I overnighted in Zurich at the Hotel Widder, the city’s only member of Leading Hotels of the World in which I had never stayed. It’s lovely, very “designed” and stripey, an amalgamation of several ancient houses transformed into a super chic hotel. The welcome was ultra-friendly and full of concern for my comfort because of my need to leave for the airport at 6:45 the following morning. My Leaders’ Club status afforded me an upgrade to an exceptionally large room, paneled in cappuccino-colored wood and walls of mirrors. But, as always, the highlight of visiting Zurich was dinner at my favorite restaurant in the world, Kronenhalle. Unchanged since 1924, its walls are hung with dozens of paintings, including Picassos and Chagalls given by their impoverished young painters in exchange for supper. The crowd, as always, was a mixture of arty, theatery, hip, aristocratic, grand, gay, straight, trans, and everything in between. Usually at Kronenhalle, I have been served by an ageing, good natured waiter, but that night my server was the Swiss identical twin of Carol Burnett, who, I suppose, must have been separated from her in the delivery room. The likeness and the smile were so startling that I found it hard to concentrate on my two helpings of veal in cream sauce and rösti potatoes. But I managed. After the rain of Ravello, it was novel to slide back through the April snowstorm to the Widder.

The United Airlines check-in clerk at Zurich Airport glanced with disinterest at my Naples Airport Covid-test and it was back into a mask for the ride home.

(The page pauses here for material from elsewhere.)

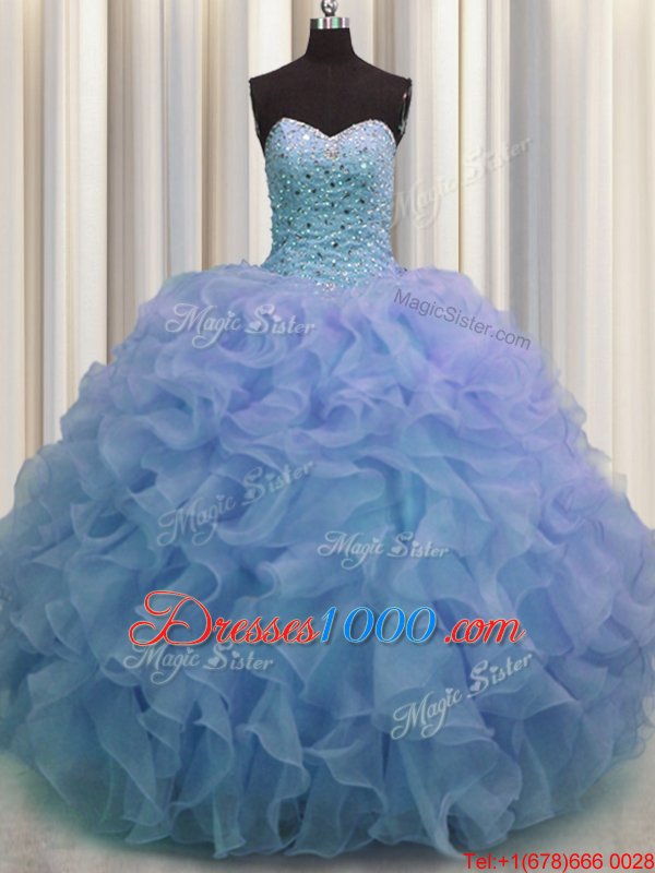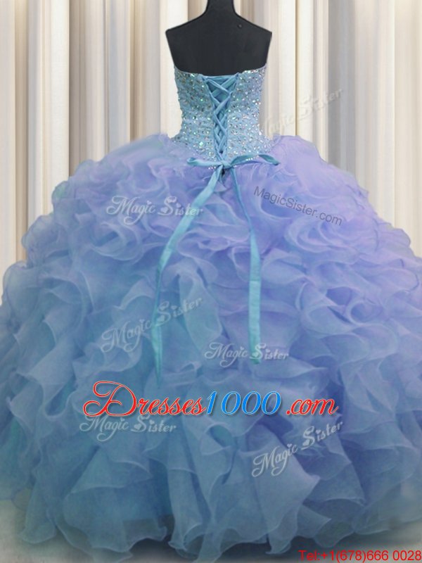 Free and Easy Bling-bling Beading and Ruffles Quince Ball Gowns Purple Lace Up Sleeveless With Brush Train

The more I fly United the more I like it. It even, at moments, has the panache of the gone-but-not-forgotten Pan Am. Exiting the customs hall at Newark’s Terminal B, it annoyed me yet again that where photographs of Carter, Reagan, Bush, Clinton, Bush, Obama and Trump had hung, there is no photograph of Joe Biden. I need to take this up with the Port Authority.